I have a forensics question that asks when a body will reach room temperature if left undisturbed. I am told room temperature is 20 degrees and I am working with Newton's Law of Cooling.
I have an equation:
$$y(t) = 11e^{-0.00265t} + 20$$
This tells me the temperature of the body at time $t$. I want to find the time when the body will reach room temperature.
Just for sake of example, say I want to find the time when the temperature is $25$:
$$\begin{align} 25 &= 11e^{-0.00265t} + 20 \\ (25-20) &= 11e^{-0.00265t} \\ 5 &= 11e^{-0.00265t} \\ \frac{5}{11} &= e^{-0.00265t} \\ \ln{\frac{5}{11}} &= \ln{e^{-0.00265t}} \\ \ln{\frac{5}{11}} &= -0.00265t \\ \frac{\ln{\frac{5}{11}}}{-0.00265} &= t \\ 297.531 &\approx t \end{align}$$
Thus the body will reach $25$ degrees at time $t = 297.531$. This is fine and dandy but when I want to find $t$ when the temperature is $20$, I run into an issue:
$$\begin{align} 20 &= 11e^{-0.00265t}+20 \\ (20-20) &= 11e^{-0.00265t} \\ 0 &= 11e^{-0.00265t} \\ \frac{0}{11} &= e^{-0.00265t} \\ 0 &= e^{-0.00265t} \\ \ln{0} &= \ln{e^{-0.00265t}} \\ \text{Undefined} &= -0.00265t \end{align}$$
Since $\ln{x}$ is only defined in $\mathbb{R}$ for $x \gt 0$.
My equation $y = 11e^{-0.00265x} + 20$ has a horizontal asymptote at $y = 20$. Is this a trick question or there is a solution that can be found using limits?

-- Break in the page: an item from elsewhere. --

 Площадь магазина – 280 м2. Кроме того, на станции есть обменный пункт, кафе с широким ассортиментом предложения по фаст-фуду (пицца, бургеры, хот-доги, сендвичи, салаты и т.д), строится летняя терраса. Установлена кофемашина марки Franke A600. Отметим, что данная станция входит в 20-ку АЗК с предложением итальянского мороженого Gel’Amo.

I am familiar with limits with respect to $x$, but not $y$. I need something like $\lim_{y\to20} y = 11e^{-0.00265x}+20$ which doesn't really make sense to me.

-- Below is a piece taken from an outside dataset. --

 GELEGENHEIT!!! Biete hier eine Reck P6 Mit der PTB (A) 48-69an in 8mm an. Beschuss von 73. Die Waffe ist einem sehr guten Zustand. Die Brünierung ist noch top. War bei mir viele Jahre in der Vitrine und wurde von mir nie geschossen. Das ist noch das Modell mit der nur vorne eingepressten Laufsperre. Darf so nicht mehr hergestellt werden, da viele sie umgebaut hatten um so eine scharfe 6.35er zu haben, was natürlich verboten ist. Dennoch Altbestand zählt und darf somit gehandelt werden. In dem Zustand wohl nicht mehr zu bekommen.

The temperature is never $20$. The exponential function is positive for all inputs, as is $11$, so $11\mathrm{e}^{-0.00265t}+20 > 20$ for all $t$. In the limit of infinitely large time, the temperature approaches $20$, getting as close as one likes to $20$ after a sufficiently long time.